Consistent outcome reporting for alcohol dependence has not been adopted across clinical trials making meta-analysis difficult (Shirley et al., 2010; DeSantis et al., 2013). Table 1 shows the number of RCTs missing each of 3 primary outcomes of interest in the current analysis (RH = return to heavy drinking, RD = return to drinking, and DIS = discontinuation where “discontinuation” refers to discontinuing the assigned medication in the course of a trial). If one were to analyze RH alone, only 13 studies would be included in the analysis. However, since DIS is almost always reported in trials of alcohol dependence (38/41 trials) and as we will show that it is not subject to publication bias, it provides unbiased outcome information from which to borrow.

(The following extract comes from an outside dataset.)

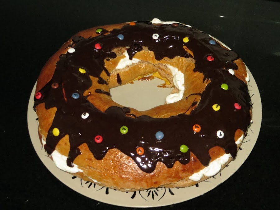 En un cazo echamos el chocolate para fundir con la nata (crema de leche) y cuando lo tengamos totalmente fundido lo retiramos y se lo echamos al roscón por encima, así sí tiene alguna imperfección la podéis tapar. Si tenéis peques en casa lo podéis decorar con chuches como con unos Lacasitos.

Thus, a joint analysis of RH with the other two outcomes allows all 41 studies to provide information about the multivariate pooled effect sizes; this joint analytic strategy can potentially reduce the impact of ORB. We note that the scenario of publication bias in this multivariate analysis would only arise when none of the outcomes is reported (i.e., the entire study is not published).
Table 1.
41 alcohol dependence studies are summarized by outcome missingness scenarios (rows). ✓: reported; and ✗: missing.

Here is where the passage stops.